The signing was the culmination of years of work by advocates including Save the Children Action Network, our supporters in New Hampshire and coalition partners. We are proud to have worked closely with leaders on both sides of the aisle, from Democratic state Sen. David Watters, who wrote the original bill and has worked tirelessly for children throughout his career, to Gov. Sununu, who helped set a pro-kindergarten agenda back in February, to achieve this result for kids.
Despite SCAN’s endorsement of the governor’s opponent in last year’s election, I was thrilled to meet with him earlier this year and discuss an issue we’re both passionate about – ensuring all kids have an equal opportunity to succeed. It was refreshing to work with a governor who put party aside to make sure New Hampshire’s kids had access to full-day kindergarten.

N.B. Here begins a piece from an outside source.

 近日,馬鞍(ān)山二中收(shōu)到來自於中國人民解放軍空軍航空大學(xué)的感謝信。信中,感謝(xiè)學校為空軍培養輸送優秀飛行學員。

This is also an issue supported at the local level. In March of this year, Nashua’s Board of Education approved a budget that includes funding for full-day kindergarten programs at all of the city’s schools. Currently, full-day kindergarten is offered at six of the city’s 12 elementary schools.

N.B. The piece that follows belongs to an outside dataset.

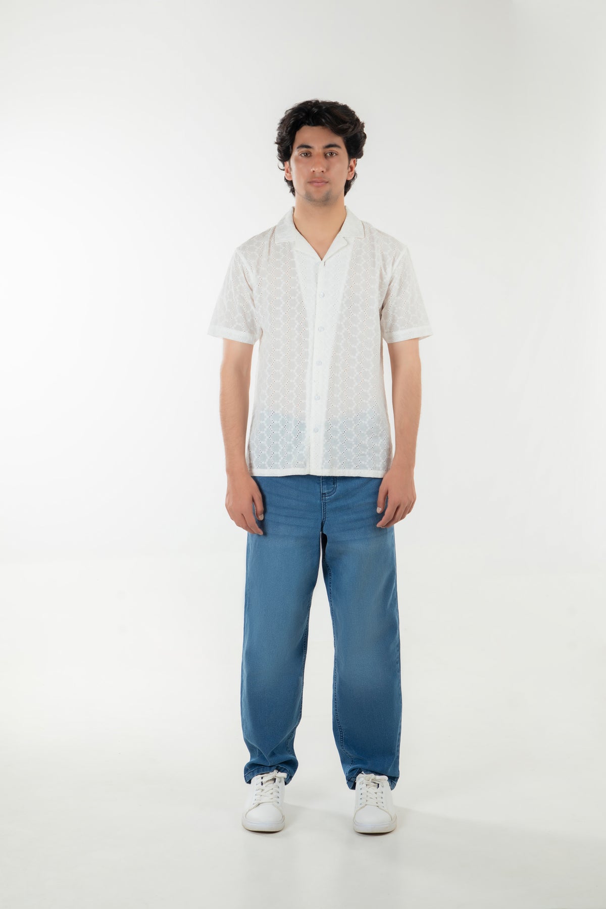 Relax fit shirt in embroidered cotton fabrication, featuring cuban collar with front buttoned placket

Extensive studies have shown the positive effects of investing in early childhood education. By age 5, a child’s brain is nearly completely developed, yet until now, the State of New Hampshire paid only 50 percent of the cost to adequately educate that kindergarten student.
While SB-191 is not a mandate and does not force any family to send their kids to a full-day program, it provides an opportunity for students to receive more time with teachers in a quality learning environment, which can result in greater learning gains.
Further, studies show that students who attend full-day kindergarten enter first grade better prepared to learn, are more likely to graduate high school and are less likely to engage in crime – saving the state money in the long run. The type of environment and the quality of interaction to which children are exposed in the first five years of life greatly influence the outcomes of their adult lives.
Full-day kindergarten is also a smart business decision. Full-day kindergarten will help attract and retain young families to New Hampshire. In fact, a recent report from Nobel Prize-winning economist James Heckman shows the rate of return on investments in early childhood development for many children can be 13 percent per child, per year due to improved outcomes in education, health, sociability, economic productivity and reduced crime. That’s why the New Hampshire Business and Industry Association also supported this change.
There is much more work to do, but I am encouraged by the passage of SB-191 – a first step in creating a better future for New Hampshire’s kids. SCAN will continue to push for full adequacy funding for kindergarten, and increased access to high-quality early education in New Hampshire and across the country.
Mark K. Shriver is president of Save the Children Action Network.